Whats the preferred way to setup bonding on IBM blade center thru a pair of Dlink Switches?
I've been using Active passive with arp_interval of two seconds to the default route, but this seems discouraged by IBMs PDF:
By setting our Arp_Target to the default route, we should get suitable behaviour by punching thru the Dlink, thru its external LACP uplinks , thru another switch and then to the core router. It seems to freak out when we pull a link (or both) from the outside of the Dlink,
By pulling out switch or rebooting DLink, bonding agent makes the active link flip to alternate eth0, That part is fine.
options bond0 arp_interval=2000 arp_ip_target=10.41.110.2 mode=1 primary=eth1
THere are many blades out there, whats best?
The document you reference is out of date. The warning about not using ARP monitoring predates the existence of the "arp_validate" option, which resolves the problem (which is that traffic from multiple blades on the same subnet can fool the ARP monitor even if the switch is unavailable; with arp_validate enabled, the traffic is checked to insure that it's for the bond in question, not for a different bond).
You don't describe the "freak out" in any detail, but my guess would be that bonding would flip between the slaves at irregular intervals, and connectivity to the outside is intermittent at best. If that's about right, then your problem may very well be the one I describe above, which should be resolved by setting arp_validate=all. Note that if your arp_ip_target is reached via a VLAN configured above bonding, you'll need a fairly recent kernel that includes a fix for this (the fix was done in late 2009).
The other portion of the document, which describes MII monitoring as only monitoring the link between bonding and the switch module itself is generally accurate. However, many recent switch modules also have a facility generally called "trunk failover," which will cause the switch to set switch ports on the "inside" (blade side) down when a switch port on the "outside" (next hop outbound) goes down. You'd have to check your switch's documentation or configuration screens to determine if this is supported (I don't know of a list, and I'm not as familiar with the d-link switch modules).

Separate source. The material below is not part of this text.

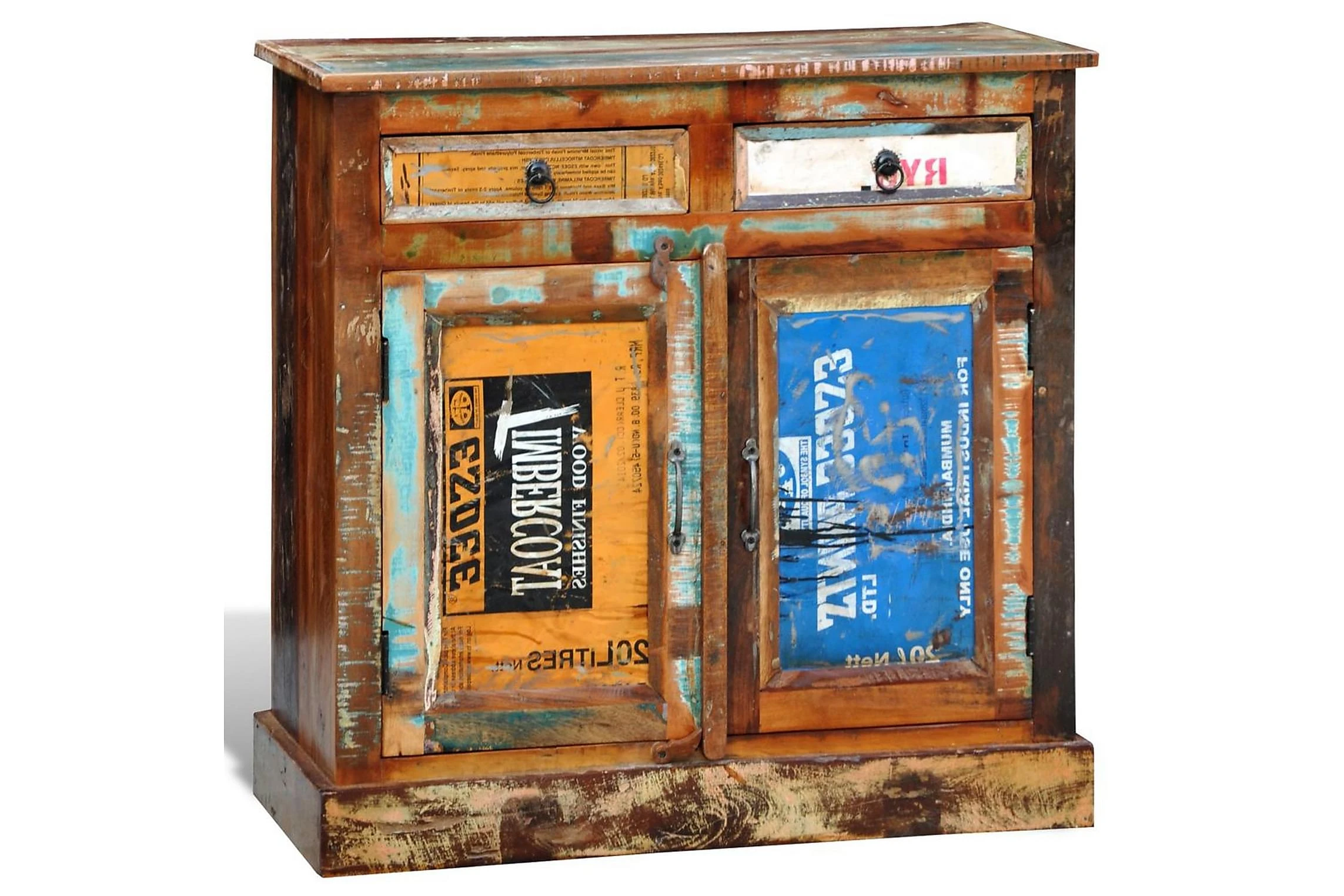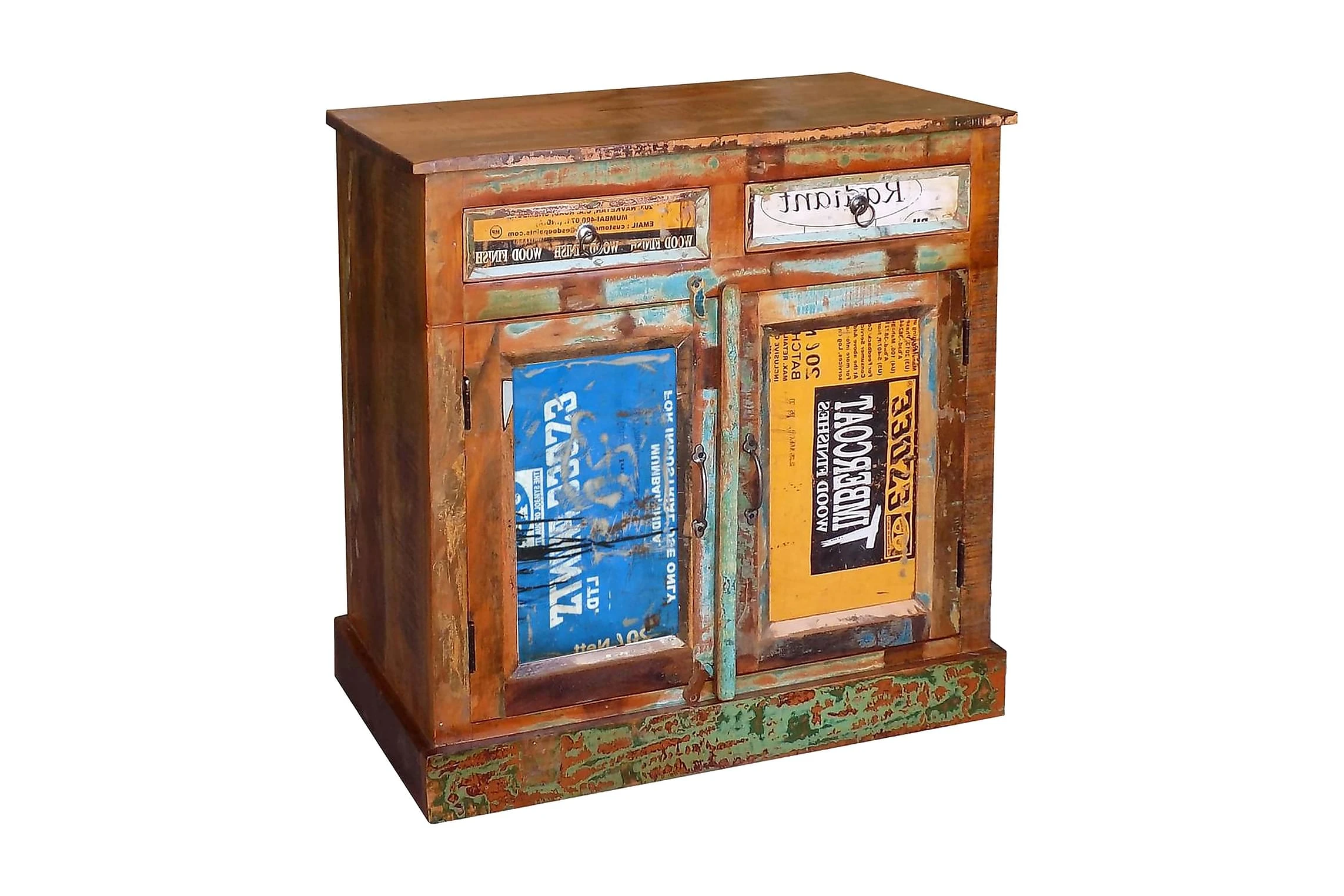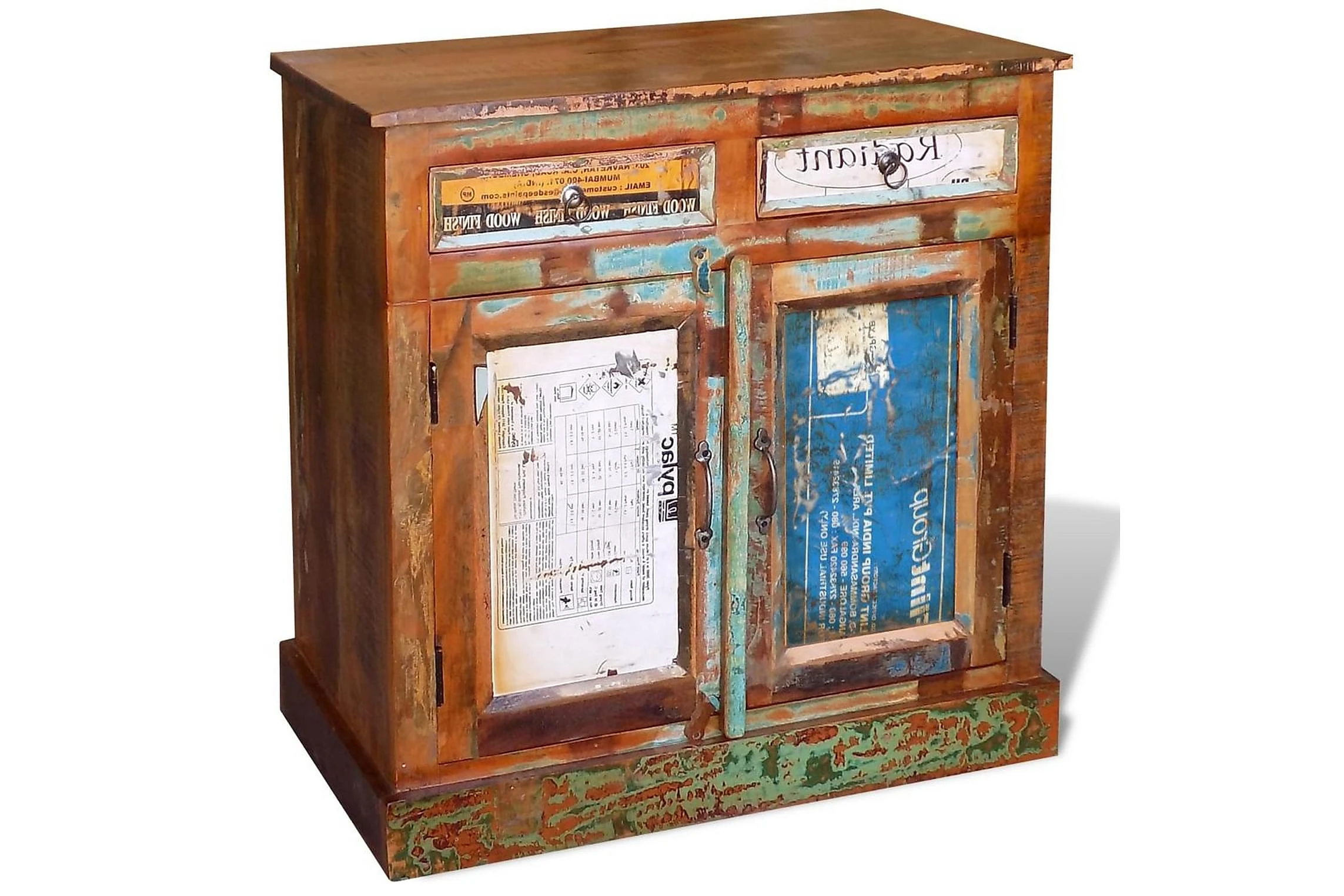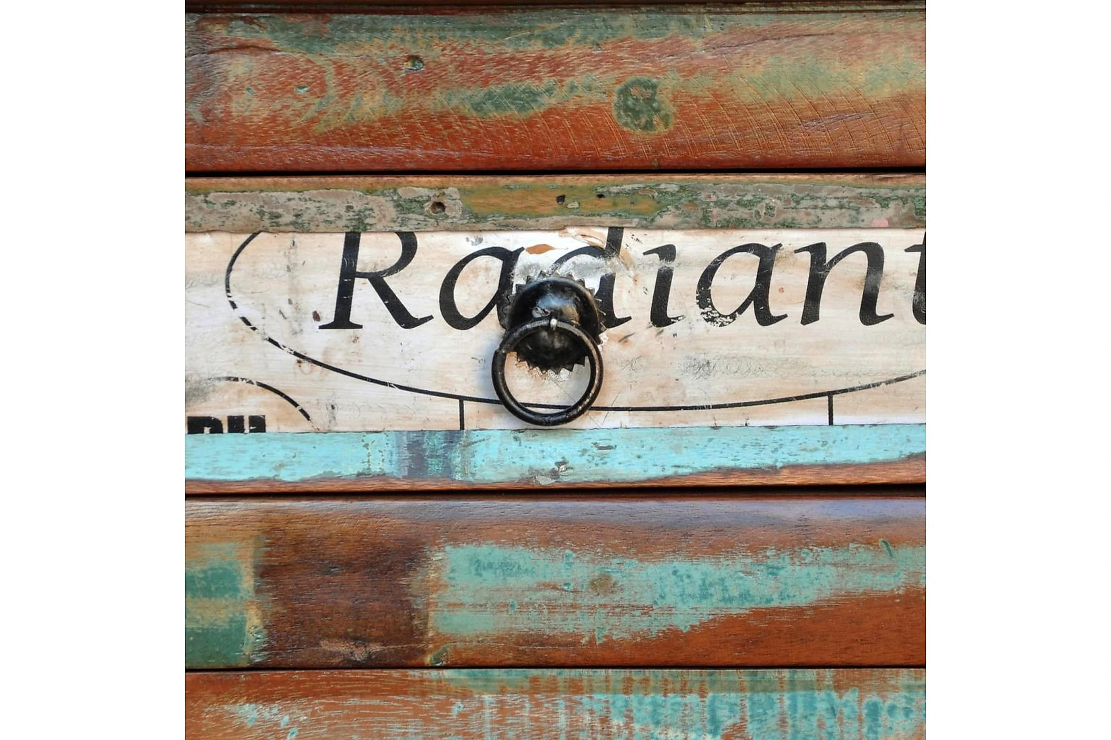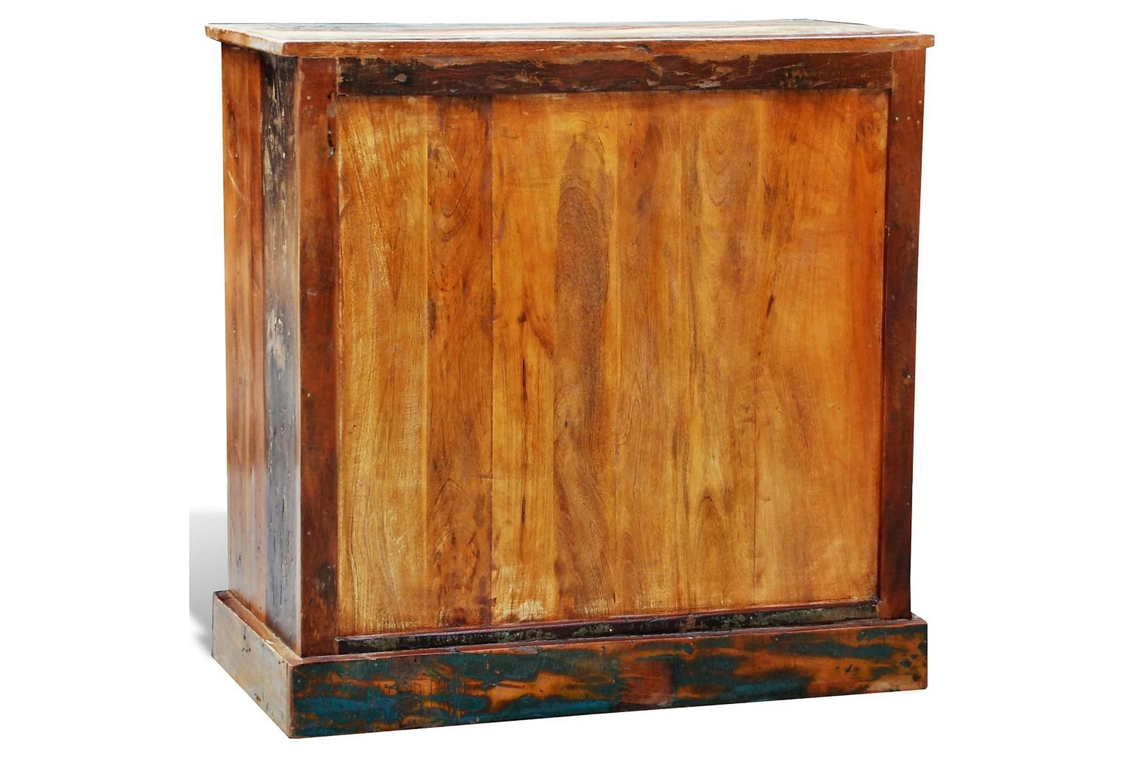 Denna skänk i antik stil levereras komplett med två lådor och två luckor, den erbjuder dig gott om förvaringsutrymme och hjälper dig att hålla dina prylar i ordning. Du kan också ställa din datorn, ipad, böcker, toalettartiklar eller dekorationer på den stadiga ovansidan. De två luckorna med dörrbultar säkerställer säkerhet. Skänken är tillverkad i återvunnet trä vilket betyder att varje möbel är unik och skiljer sig något från de andra. Möbler tillverkade av återvunnet trä har karaktärsdrag från olika träslag såsom sheesham, teak, palisander, mangoträ, akacia, ädelträ, etc. Återvunnet trä är massivt, stadigt, hållbart och vackert. Spikhål och synlig ådring ger möbeln en historia och bjuder in ännu en generation att genomsyra den med sin alldeles egen sådan. Den här möbeln kommer att visa att du förstår koncept såsom resursskydd, miljöskydd och hållbar utveckling. Dessutom tillför det rena hantverket en spektakulär, exotisk vintagestil till skänken. Varje process för återkombinering, polering, målning och vaxning är omsorgsfullt utförd. Oavsett om du har skänken i matsalen eller i sovrummet, kommer skänken i trä vara ett bra val. Viktig anmärkning: Eftersom varje del är handgjord med en unik blandning av återvunnet trä, är varje skänk något annorlunda i färg. Leveransen är slumpartad.

-Jay Vosburgh, firstname.lastname@example.org
Jay, Thanks for your thoughtful reply. Perhaps we need an update to the referenced doc at IBM? Your interpretation of "freak out" is accurate, pings usually dont make it, but sometimes do. The ESM/DLink BladeCenter switches do have a feature under Link aggregation called "Redundant Switch Failover", with IP-Packet and non-IP-Packet "Distribution Methods" with SrcMac and DestMac options as well.
The Help screen on the Switch Interface shows this: "Failover Mode When all trunk ports are link down or dsiabled, then all blades will be link down. So total loss of link connectivity on external ports will be detected by the blade NIC driver." … so this looks perfect for what we are trying to do.
The Active/Passive bonding (without this feature enabled) does seem to detect a loss of uplink to default route (when arp to default route fails) but may not have a way to detect a resumption of the service since Link is not enough to indicate a resumption of the Inter-Switch-Links way upstream?
I'll test this Redundant Switch Failover setting on our dev Bladecenter.. It looks like a winner!
Thanks very very Much! John W.